Repeating a number based on position and value?
I am trying to learn about algorithmic thinking in my spare time from a book I got.
I am thinking about scenarios and trying to solve them using pseudocode in order to learn but I cannot approach this idea below. I am thinking of doing this with a nested loop but I don't know how to begin. Can you please assist?
If we have a 1d array that mentions how many times each position should be repeated for example:
With N = 5, the 1d array is z = 2,1,1,3,2
Based on that, we should populate a new array with the times each number appears. Therefore, based on z
we should have a 1d array A = 1,1,2,3,4,4,4,5,5.
Explanation: the first position of z
has the number 2
. Therefore, in the A array the number 1
should appear two times. continuing the number two of array z
has the number 1
, therefore the number 2
in the array A
should appear only once, and so one for the rest numbers. So there is a pattern between the two arrays.

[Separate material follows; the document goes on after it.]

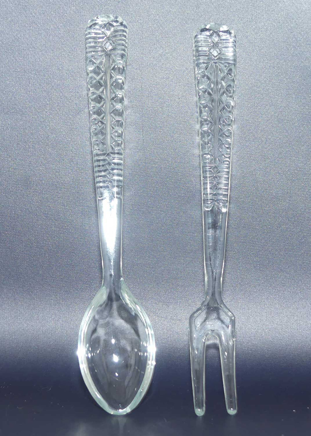 Traditional Diamond Cut Crystal salad bowl and pressed glass servers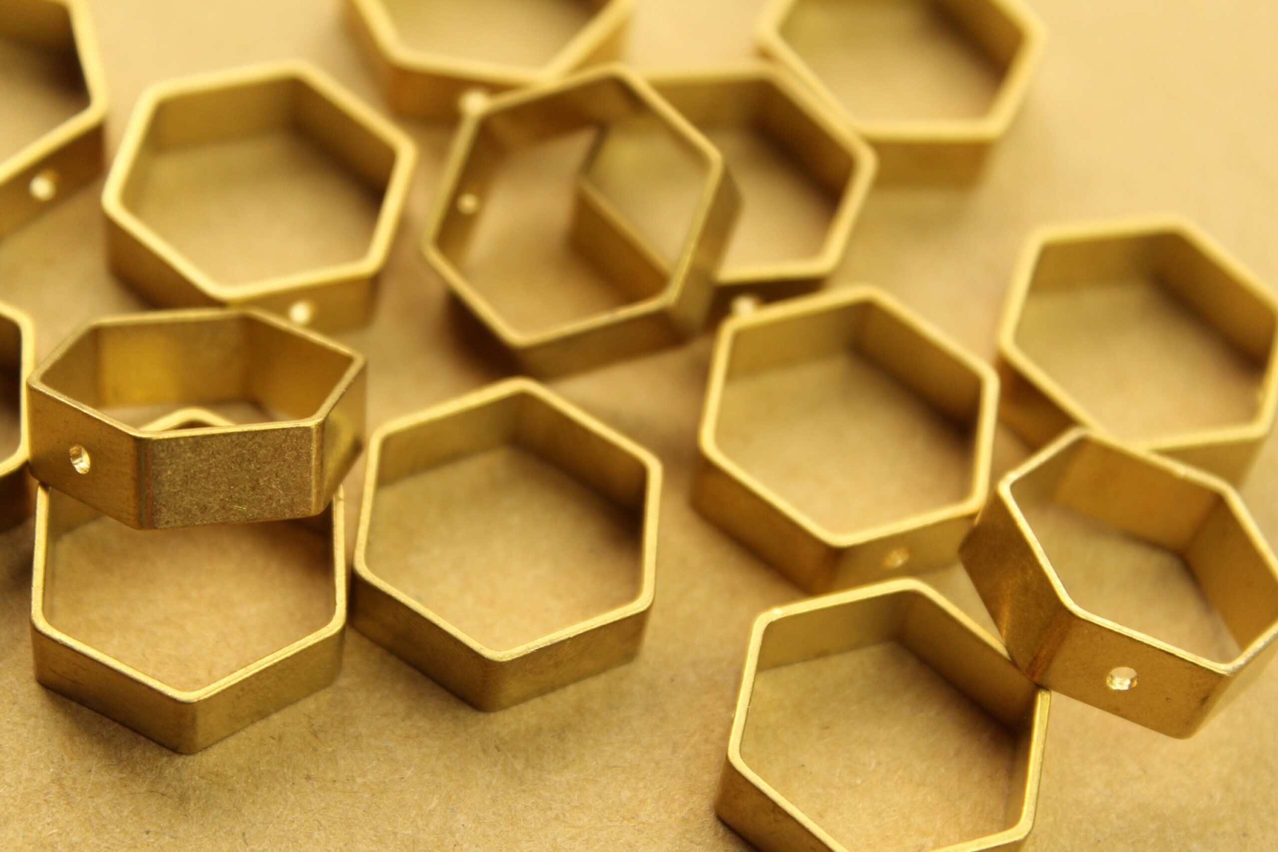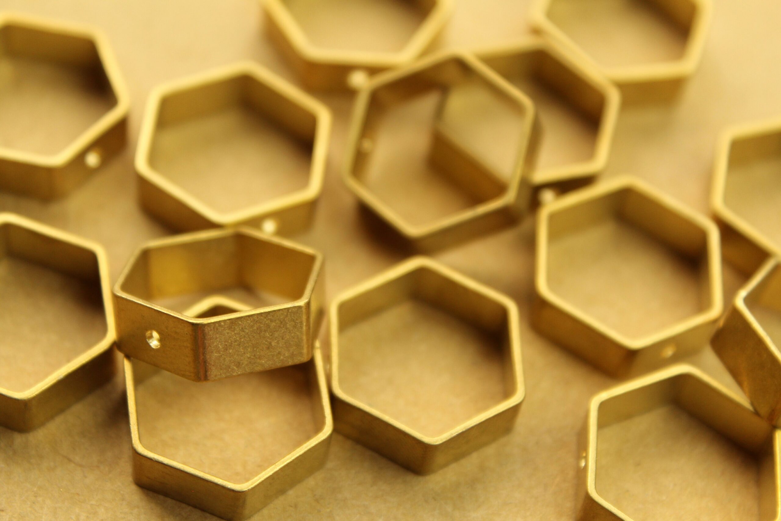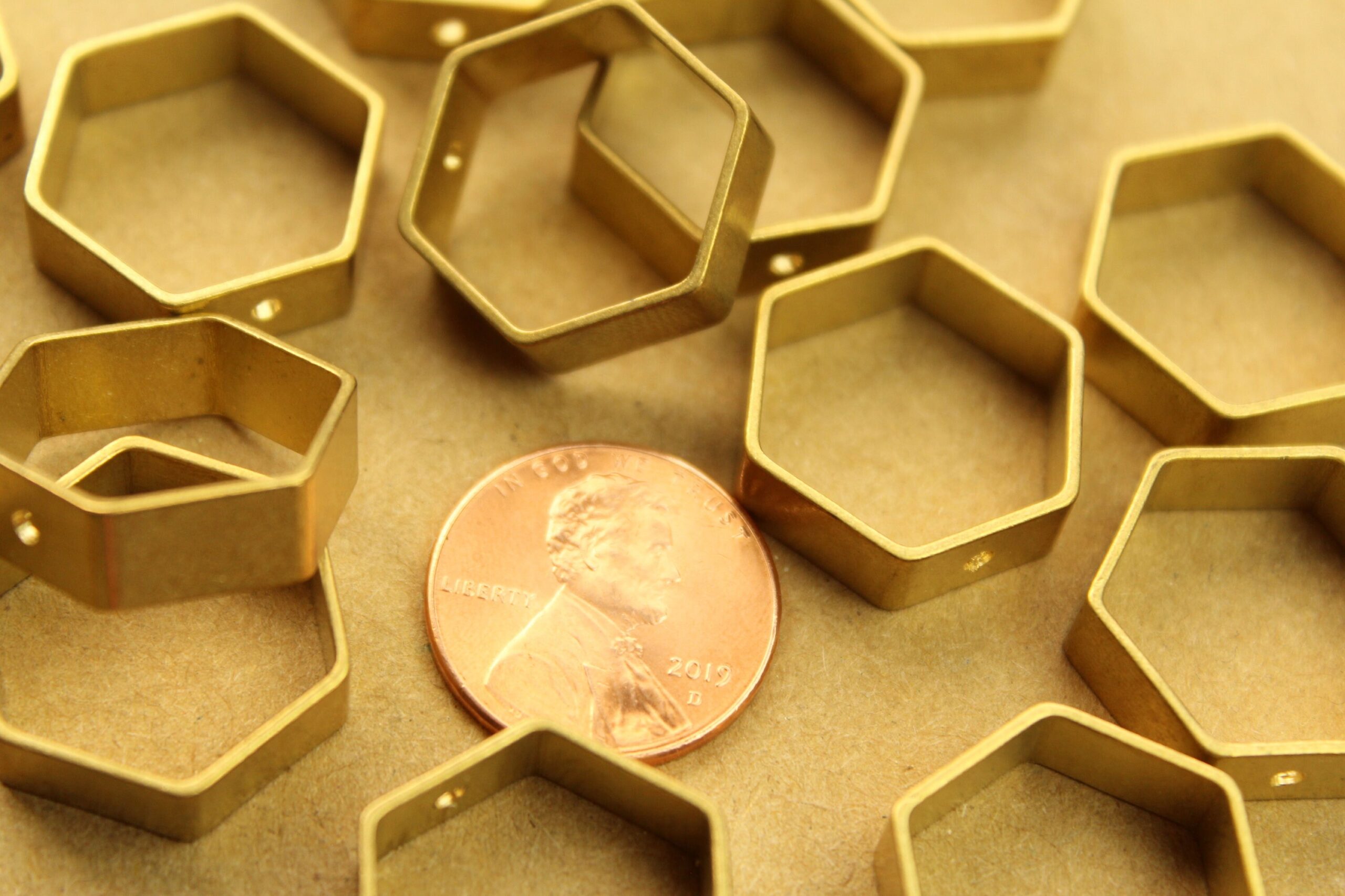 Raw, unplated brass hexagon charms. These have one hole in the ring to thread a headpin. Nickel, lead and cadmium free.

NOTE: This should not be using any functions or turning values to string and multiplying them. I am interested in the theoretical side of it and want to learn how to think for such problems.
UPDATE
Would it help if we have
an array with unsorted items:
A: 2,3,1,2,4
and z
where calculates how many times each position is mentioned.
z: 1,2,1,1
can we create a new array that will make the the content of A
sorted based on the content of z
?
Solution 1:
You can use list comprehension with nested loop:
result = [i+1 for i, freq in enumerate(z) for _ in range(freq)]
Without list comprehension:
result = []
for i, freq in enumerate(z):
result.extend([i+1]*freq)
Without any functions (less Pythonic), using +=
and *
operators for lists:
result = []
i = 1
for freq in z:
result += [i] * freq
i += 1
Without *
operator for lists:
result = []
i = 1
for freq in z:
while freq > 0:
result += [i]
freq -= 1
i += 1
+= [i]
is really a clumsy way to append(i)
, but at least it avoids the function, which you seem to be looking for.